Впрочем, по тону было ясно, что он это не всерьез, и обмануть детишек не удалось.

Когда детям уже пора было идти спать, миссис Лоренс позвали к телефону. «Черт!» — сказала она и снова пустила мальчишке-садовнику в глаза струю дыма. Мистер Лоренс поднял с пола ветку и засунул за раму картины. Потом бодро засвистел.

Миссис Лоренс отсутствовала минут пять; когда она вернулась, ее голубые глаза метали искры, а волосы были взъерошены. Ну точь-в-точь котенок. Такой, которого хочется взять на руки, сказать: «Ах ты, киска!» — и сразу же отпустить снова.

— Только этого не хватало, — вымолвила она, и детям показалось, что она вот-вот заплачет.

— Что там за чертовщина? — осведомился мистер Лоренс.

— Это из комитета по приему беженцев, — сообщила миссис Лоренс. — Не зря я тебе говорила, что здесь теперь не протолкнуться от беженцев. Когда все это только начиналось, мне, как и всем, пришлось внести нашу фамилию в список тех, кто готов их принять, — я думала, это просто формальность и никого принимать не понадобится. А вот теперь понадобилось. Мы должны поселить у себя супружескую пару, причем уже сегодня.

Мистер Лоренс перестал улыбаться.

— Погоди-ка, — сказал он. — Не имеет этот самый комитет никакого права так с нами поступать, нас должны были известить заранее. Почему ты не послала их подальше?

— Я послала, — ответствовала миссис Лоренс с возмущением, — но мне сказали, что им очень жаль, но все в одинаковом положении, они кого-то направляют в каждый дом, а еще добавили что-то про «ответственность в случае отказа» — я до конца не поняла, но звучало очень неприятно.

— Они не имеют права, — заявил мистер Лоренс, вздернув подбородок. — Я сейчас же позвоню кому-нибудь наверху. Уж я позабочусь, чтобы сотрудника, который с тобой разговаривал, уволили, я лично поеду в город, я…

— Господи, да какой смысл? — возразила миссис Лоренс. — Давай не будем так переживать по этому поводу. Не забывай, сегодня сочельник, все давно разъехались. Да и вообще, эти, как их там, уже едут, не можем же мы от них запереться. Видимо, нужно поставить в известность прислугу.

— А что беженцы будут делать? — стали допытываться взбудораженные дети. — Им придется отдать наши вещи? Они будут спать в наших кроватях?

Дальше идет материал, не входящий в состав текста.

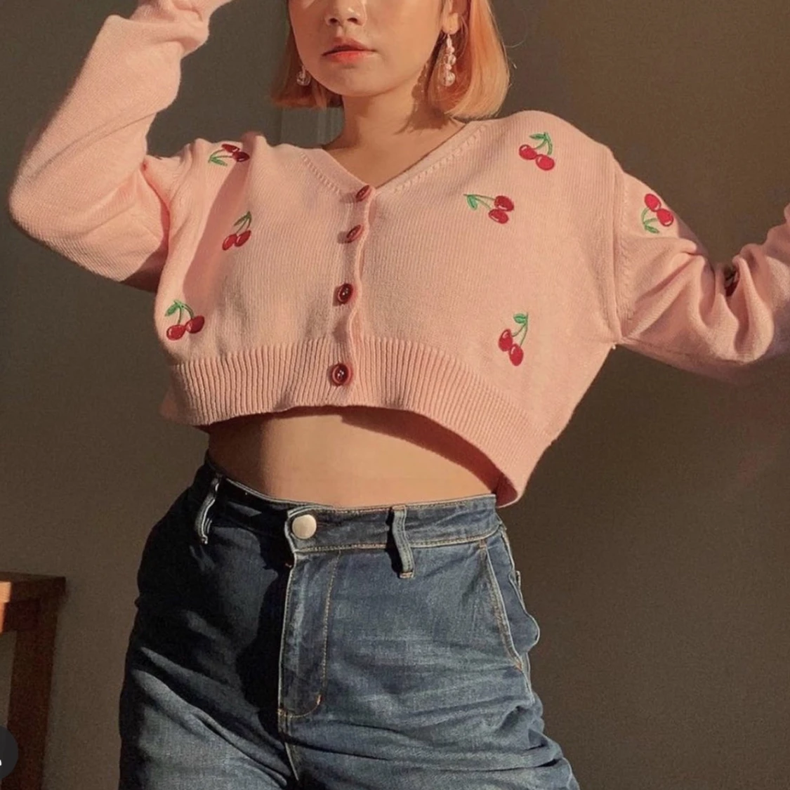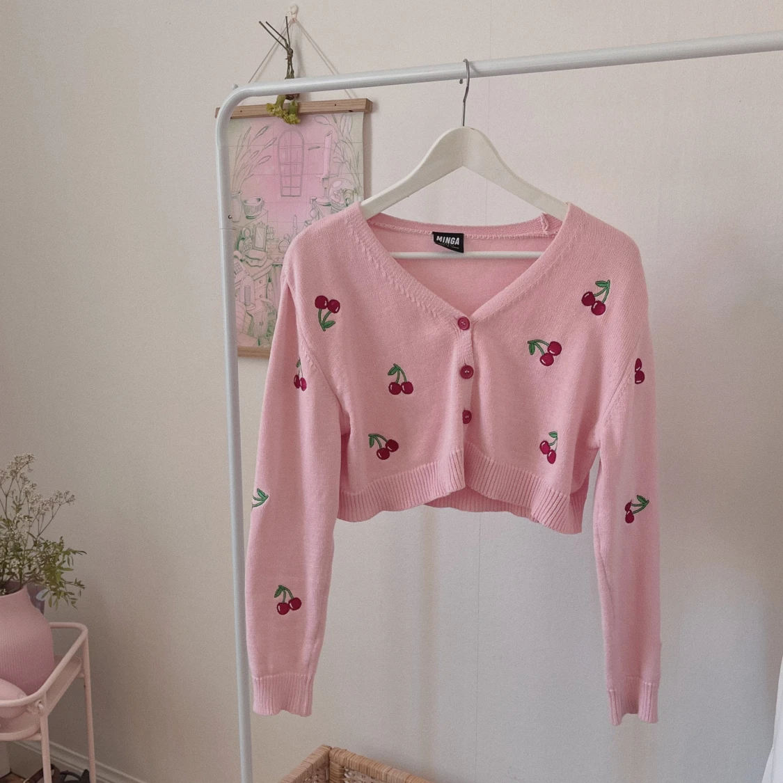 världens sötaste kofta med 🍒 broderier på! älskar älskar denna så mycket men passar inte min still längre! inköpspris 550kr. sparsamt använt! ❤️

— Конечно нет, — резко ответила миссис Лоренс. — Не притворяйтесь совсем-то уж недоумками.

— А куда мы их поместим? — спросил мистер Лоренс. — У нас ни одной комнаты свободной, ведь завтра приедут Дейли и Коллинсы. Ты ведь не предлагаешь отменить приглашения?

— Не переживай, — сказала миссис Лоренс, и ее голубые глазки лукаво сверкнули. — Единственное утешение — мы можем честно сказать, что в доме места нет. Давай поселим их в комнату над гаражом. Погода пока стоит сухая, так что в ней не слишком сыро. Там есть кровать — помнишь, два месяца назад мы вынесли ее из дома, уж больно пружины просели. А так она еще вполне крепкая. У прислуги, кажется, был масляный обогреватель, которым никто не пользуется.

Мистер Лоренс улыбнулся.

— Да ты, похоже, все продумала? — сказал он. — Уж моего Котенка не проведешь. Ну что ж, если они не будут нам мешать, я не против. — Он наклонился и на радостях подхватил на руки Мэриголд. — В любом случае, испортить нам Рождество мы не позволим, верно, детка? — спросил он дочку.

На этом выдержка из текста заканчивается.